1. Hyperz

    Hyperz Well-Known Member Respected

    Feb 8, 2009
    2,195
    Small heads up. I'm currently working with a client who needs SharpLeech to work on some specific forums. Because of this and because the GPL v2 license requires me to make any changes publicly available there will be a 2.0.1 release which at the very least will add IPB 3.4.x support and improved vBulletin 4.x.x support. Do note that this doesn't mean that the default plugins will be updated. I *might* build plugins for specific sites (for a fee that is) for those that need it after I'm done with the current work.

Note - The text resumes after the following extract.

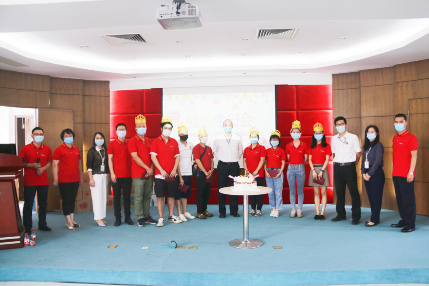 生日會上,大家共同祝賀5、6月期間生日的10位員工,領(lǐng)導(dǎo)將承載員工滿滿祝福和公司關(guān)愛的生日賀卡送到每一個(gè)壽星手中,大家在同唱生日歌、吹蠟燭、切蛋糕的歡快中其樂融融,幸福感縈繞其中。
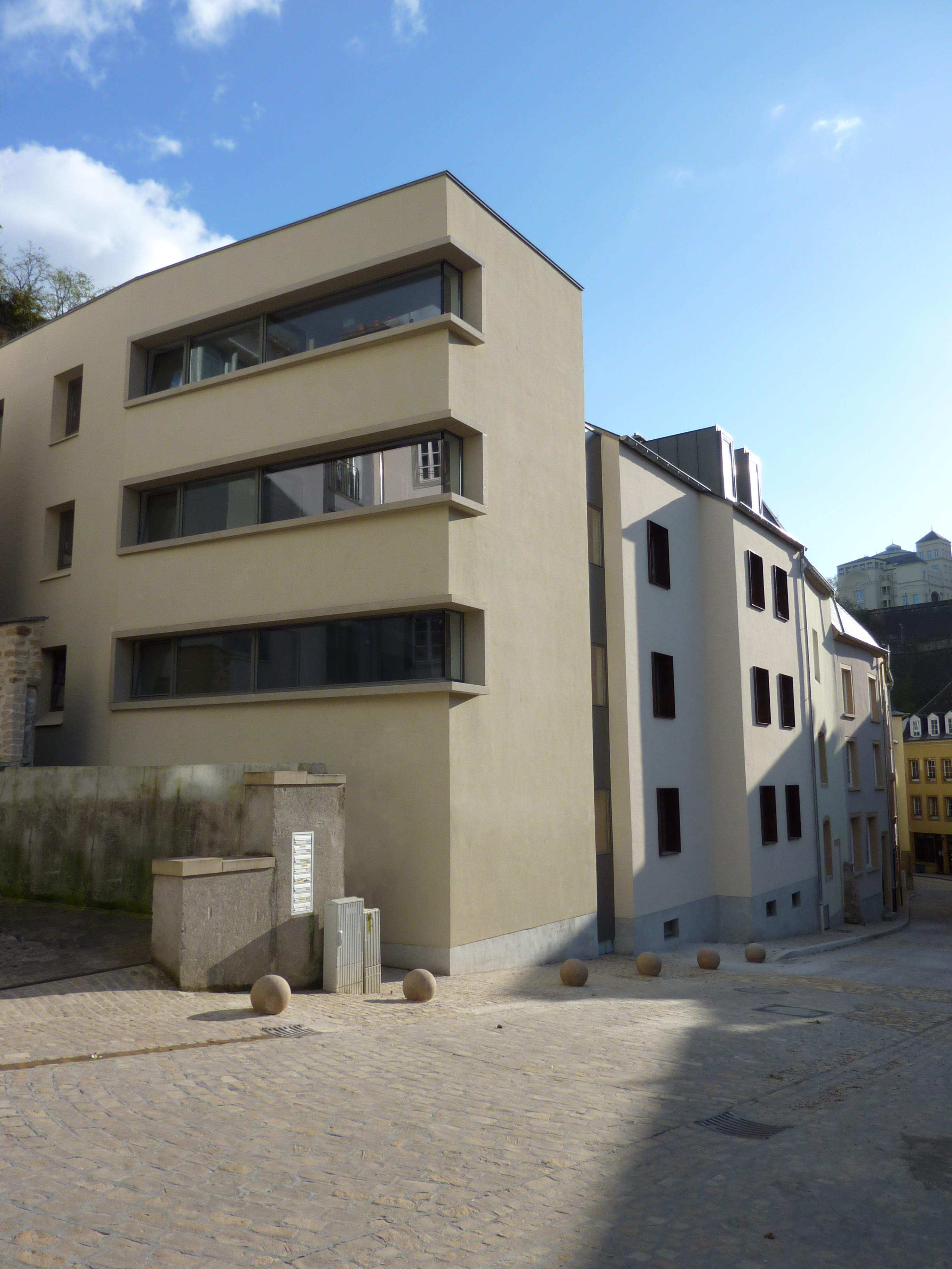 Lediglich die Häuser 14-16 Rue de Trèves mussten aufgrund ihrer baulichen Substanz durch Neubauten ersetzt werden. An dieser Stelle entstand für die Stadt Luxemburg ein neues Gebäude mit insgesamt 17 Studentenappartments. Auch hier wurde in der Architektur ein besonderes Augenmerk auf die klare Erkennbarkeit von bestehenden und neuen Gebäuden und eine gute Eingliederung in die gewachsene Stadtstruktur gelegt. Die Fassade ist daher ablesbar neu, orientiert sich aber in ihrer Aufgliederung und Höhe am Bestand und schafft dadurch ein insgesamt stimmiges Stadtbild. Das einfache Volumen mit begrüntem Flachdach kontrastiert mit den giebelständigen Häusern im Grund, fügt sich aber gleichzeitig mit seinem sandsteinfarbigen mineralischen Fassadenputz, der sich an die umliegenden Felsvorsprünge anlehnt, harmonisch in das Gesamtensemble des Grunds ein.

    The release will posted at https://github.com/Hyperz/SharpLeech/releases when it's done.
     
  2. Hyperz

    Hyperz Well-Known Member Respected

    Feb 8, 2009
    2,195
  3. ausafali

    ausafali New Member Member

    Jun 6, 2012
    902
    thank you
     
  4. scylla

    scylla New Member

    Feb 8, 2011
    7
    Github link is dead, does anyone still have the program that's not in source code?
     
  5. Gavo

    Gavo Super Moderator Staff Member

    Jul 9, 2009
    3,168
  6. scylla

    scylla New Member

    Feb 8, 2011
    7
    Last edited: Jan 30, 2018
  7. Hyperz

    Hyperz Well-Known Member Respected

    Feb 8, 2009
    2,195
    So this thing is ancient. I'm surprised you even got it to post stuff at this point. Back in the day it could scrape from most supported forum software without requiring custom scraping code (with some exceptions). However, said code is 7 years out of date by now and looking back the codebase is complete garbage (hence why I took down the code a long time ago, besides github not liking piracy stuff).

    To get it to scrape the correct topic title you'd have to provide a custom scraping implementation in the plugin xml files. If you're scraping from a phpbb2 forum the easiest way to do that would be to copy/paste the code for the default phpbb2 implementation and edit it and/or look at existing plugins.
     
  8. scylla

    scylla New Member

    Feb 8, 2011
    7
    Sure, it's old but it gets the job done. Compiling it was easier than I thought it would be for someone who barely used visual studio.

    I opened up a xml & "saved as" to prevent overwriting. I think the one I copied was warezbb. I'm not sure which is the default phpbb2 implementation in the sitereaders subfolder. I'm trying to copy over the cheat engine tutorial threads, since recently they deleted their tables forum & are looking for third partys to host content.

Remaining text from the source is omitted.